The valley here was narrow and steep, and no one had built on it, the grass being given over to sheep. Torold slid down into the cleft, easily leaping the millrace, and picking his way over the brook from stone to stone. He began to make his way downstream from one patch of cover to another, until about the time of Vespers he had reached the smoother meadows opposite Brother Cadfael’s gleaned peasefields. Here the ground was all too open, he had to withdraw further from the brook to find a copse to hide in while he viewed the way ahead.
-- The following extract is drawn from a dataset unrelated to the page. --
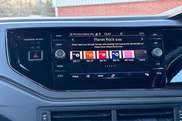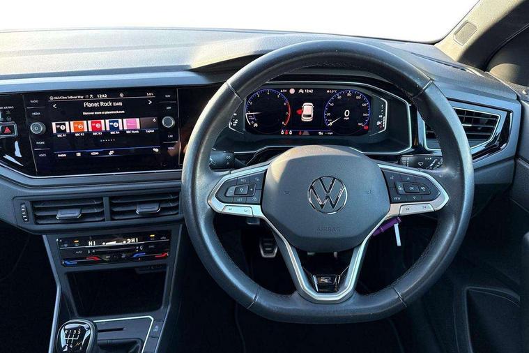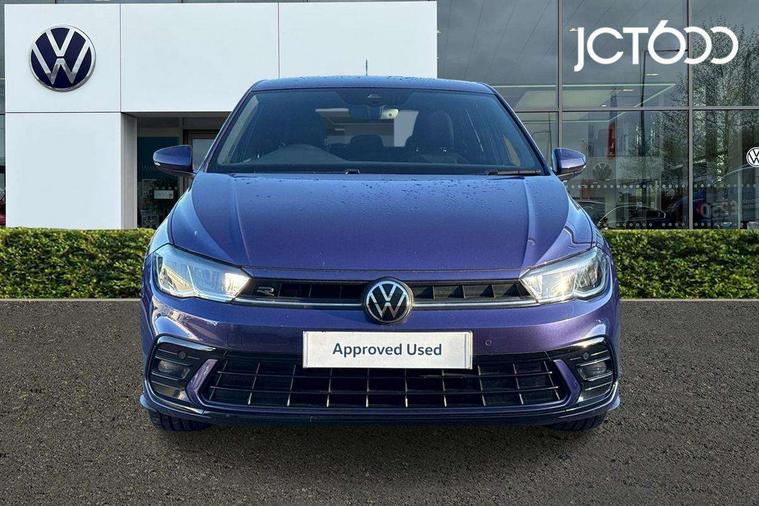 Adaptive cruise control without follow-to-stop and speed limiter, Bluetooth mobile phone interface, Digital Cockpit Pro with 10.25" Display, Driver alert system, Dynamic road sign display, Emergency call service, Power assisted speed sensitive steering, Preparation for We connect and We connect plus, Speedo and rev counter, electronic odometer, trip, service interval display and fuel gauge, Standard rear axle, Travel Assist - Lane keeping system and traffic jam assist, Travel assist including emergency assist, Trip computer, Warning signal and warning light for front and rear seatbelts not fastened, Washer fluid level indicator, Wireless app connect, Front wheel drive, Rear shock absorpion, Start-stop system with battery regeneration (recuperation - energy recovery during braking), DAB Digital radio, Diversity antenna for FM reception, Front and rear 6 speakers, Body colour bumpers, Body colour door handles, Body colour door mirrors, Electric front windows, Front fog lights with static cornering function, Front scuff plates with R-Line logo, Heat insulating darkened glass in side and rear windows, Heat insulating glass windscreen, Power folding adjustable/heated exterior mirrors and front passenger exterior mirror lowering function, Rear electric windows, Rear fog light, Rear side wing doors, Rear tinted glass from B-pillar backwards approx 65% tinted, Rear windscreen washer and wiper with interval delay, Third brake light, 12V power socket in centre console, 2 USB-C ports in the front, 2 USB-C charging sockets on the center console in the rear, 3 rear head restraints, 60/40 split folding rear seat and rear seat bench not split, Air care climatronic air conditoning system with active combination filter and 2-zone temperature control, Black roof lining, Ceramique headliner, Chrome plated radiator grille inserts, air vent surrounds and light switch surrounds, Door and side trim panel, Driver and front passenger seat height adjustment, Driver/passenger sunvisors with illuminated vanity mirrors, Front + rear carpet mats, Front centre armrest, Front footwell illumination, Front seat backrest storage pockets, Front sports comfort seats, Handbrake lever handle in leather, Isofix child seat preparation easy-fit (for two outer rear seats, and front passenger seat) compatible with I-size, Karoso artvelours cloth upholstery, Leather trimmed gear knob, LED interior light with switch off delay and dimmer, 2 reading lights front and rear, Luggage compartment cover, Luggage compartment floor, Luggage compartment lighting, Lumbar adjustment for front seats, Multifunction steering wheel, Single front passenger seat, Stainless steel pedals, Standard pedal cluster, Light and sight pack - Polo R-Line/Black Edition, 3 point height adj front seatbelts + pretensioners, 3x3 point rear seatbelts, ABS, Driver and front passenger airbag with front passenger airbag deactivation, Drivers and front passengers safety optimised head restraints, ESC (Electronic stability control) + EDL (Electronic Differntial lock) and ASR (Traction control), Extended and predictive pedestrian/ cyclist protection, Front curtain and side airbags with center airbag, Hill hold control, Manual child lock in rear doors, Single tone horn, Tyre pressure loss indicator, Alarm with interior protection, Anti-theft alarm system with interior monitoring, backup horn, and towing protection, Anti-theft wheel bolts, Electronic engine immobiliser, Chrome applications on rotary light, mirror adjustment, window regulator switches, outlet with frame in black, Dark grey anodised matt decorative inserts in dash and front door panels, Low rolling resistance tyres,

From here he could see the roofs of the convent buildings above the garden walls, and the loftier tower and roof of the church, but nothing of the activity within. The face that was presented to him looked placid enough, the pale slope stripped of its harvest, the stack of haulms where Godith and he had hidden boat and treasure barely nineteen hours ago, the russet wall of the enclosed garden beyond, the steep roof of a barn. He would have to wait some time for full daylight to pass, or else take a risk and run for it through the brook, and into the straw-stack beyond, when he saw his opportunity. And here there were people moving from time to time about their legitimate business, a shepherd urging his flock towards the home pasture, a woman coming home from the woods with mushrooms, two children driving geese. He might very well have strolled past all these with a greeting, and been taken for granted, but he could not be seen by any of them making a sudden dash for it through the ford and into the abbey gardens. That would have been enough to call their attention and raise an alarm, and there were sounds of unusual activity, shouts and orders and the creaking of carts and harness, still echoing distantly from beyond the gardens. Moreover, there was a man on horseback in sight on his side the brook, some distance away downstream but drawing gradually nearer, patrolling this stretch of meadows as though he had been posted here to secure the one unwalled exit from the enclave. As probably he had, though he seemed to be taking the duty very easily, ambling his mount along the green at leisure. One man only, but one was enough. He had only to shout, or whistle shrilly on his fingers, and he could bring a dozen Flemings swarming.
Torold went to ground among the bushes, and watched him approach. A big, rawboned, powerful but unhandsome horse, dappled from cream to darkest grey, and the rider a young fellow black-haired and olive-complexioned, with a thin, assured, saturnine face and an arrogantly easy carriage in the saddle. It was this light, elegant seat of his, and the striking colouring of the horse, that caught Torold’s closer attention. This was the very beast he had seen leading the patrol along the riverside at dawn, and this same man had surely lighted down from his mount and gone first into Torold’s abandoned sanctuary at the mill. Then he had been attended by half a dozen footmen, and had emerged to loose them in after him, before they all mustered again and moved on. Torold was sure of this identification; he had had good reason to watch very closely, dreading that in spite of his precautions they might yet find some detail to arouse suspicion. This was the same horse, and the same man. Now he rode past upstream, apparently negligent and unobservant, but Torold knew better. There was nothing this man missed as be rode, those were lively, witty, formidable eyes that cast such seemingly languid looks about him.